Restrict Which Users Can Use SSH

If some system accounts should not access the server remotely, set an allow list of users and groups that may connect via SSH.

  1. Edit /etc/ssh/sshd_config

     $ nano /etc/ssh/sshd_config
  2. To allow specific users SSH access, add a line like:

     AllowUsers example_user1 example_user2
  3. To allow user groups SSH access, add a line like:

     AllowGroups example_group1 example_group2

Specify any number of users or groups separated by spaces.

Change the SSH Port

Change the default SSH port (22) to any unused port greater than 1024.

  1. Edit /etc/ssh/sshd_config

     $ nano /etc/ssh/sshd_config
  2. Find this line:

     Port 22
  3. If the line is commented out with #, remove the # symbol.

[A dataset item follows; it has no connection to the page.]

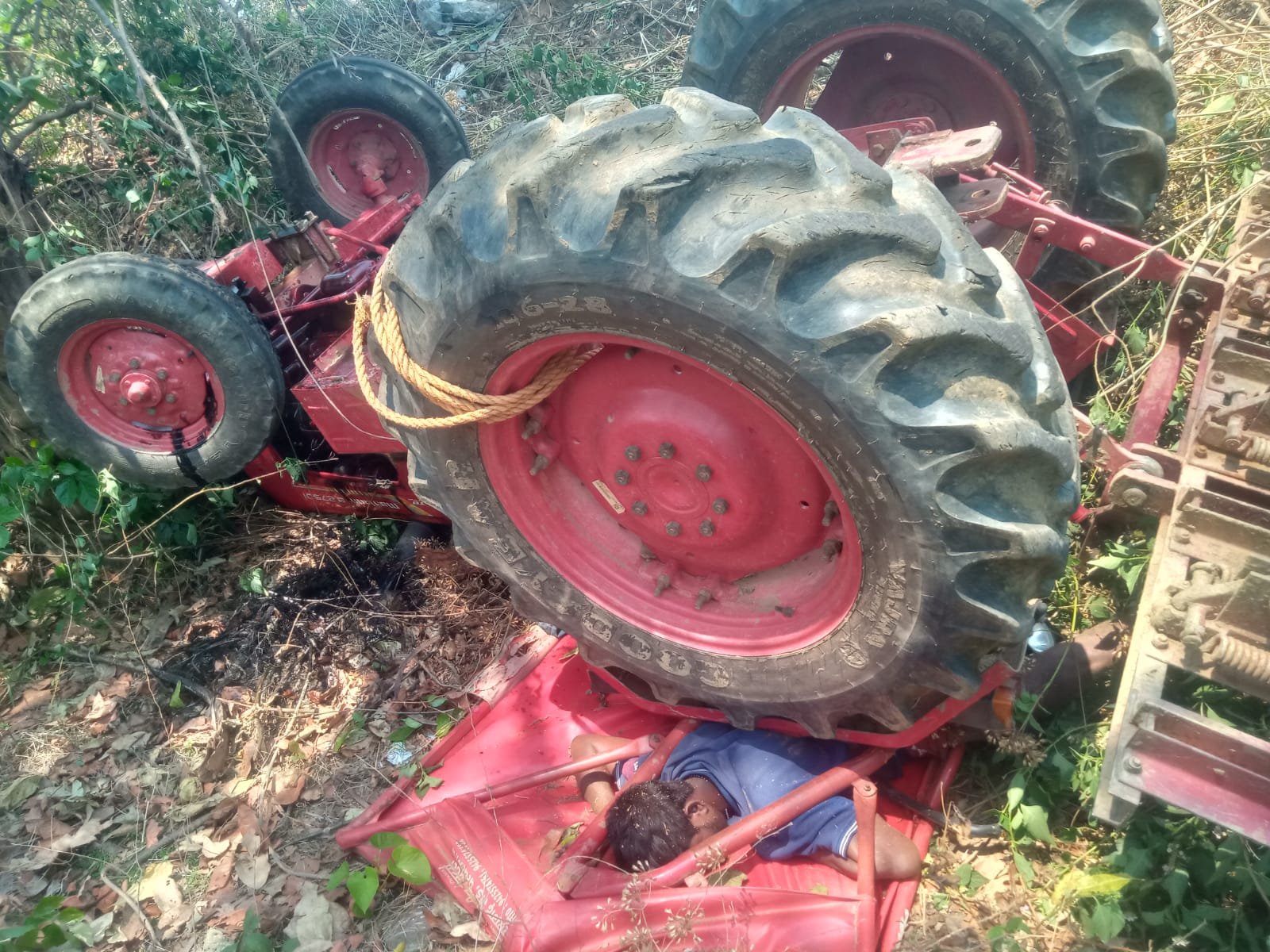 ଟ୍ରାକ୍ଟର ଭାରସାମ୍ୟ ହରାଇ ଓଲଟାଇଲା, ଚାଳକ ମୃତ ଓ ଜଣେ ଗୁରୁତର

  4. Choose any unused port greater than 1024. For example:

     Port 2222

SSH can listen on multiple ports if you add more Port lines with one port number per line.

Use SSH Keys

We recommend using an SSH key instead of a password to authenticate. It is also usually more convenient.

Generate a Key Pair

If you do not already have an SSH key pair, create one by following the guide, How Do I Generate SSH Keys?

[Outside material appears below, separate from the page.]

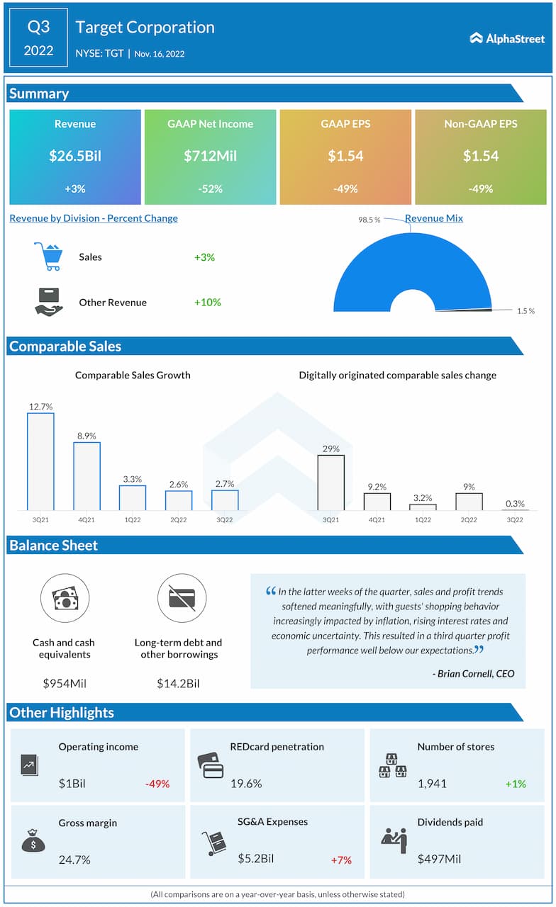 “…Target’s exclusively owned brands provide tremendous quality at incredibly competitive prices, a great combination anytime, but never more so than in an inflationary environment. So, as we turn our focus to Q4, we’ll do what we always do: work tirelessly to deliver value and solutions to our guests while also delivering affordable joy at a time when they need it most. As we’ve outlined this morning, we’re taking a prudent approach to our inventory planning and sales expectations for the fourth quarter in light of the concerning industry trends we’ve seen over the past several weeks,” said Target’s CEO Christina Hennington at the last earnings call.

Locate your public key to complete the following steps.

Enable SSH Key Login

  1. Edit /etc/ssh/sshd_config

     $ nano /etc/ssh/sshd_config
  2. Find this line:

     #PubkeyAuthentication yes
  3. If the line is commented out with #, remove the # symbol.

Copy the Public Key to the Server

To log in with an SSH key, the user must place their public key in their ~/.ssh/authorized_keys file. Use one of the following methods:

Method 1: Copy the Key with ssh-copy-id

If your local machine has OpenSSH installed, and your public key is in ~/.ssh/id_rsa.pub (the default location), send your key to the server with the following command:

$ ssh-copy-id username@YOUR-SERVER-IP

Method 2: Manually Add the Key

  1. In the server user's home directory, create the file ~/.ssh/authorized_keys if it does not already exist.
  2. Paste the public key into the file.

Disable Password Login

After enabling SSH key authentication, it a best practice to disable password authentication. Make sure you've tested SSH key login first. If your SSH key doesn't work, and you disable password login, you'll lose SSH access.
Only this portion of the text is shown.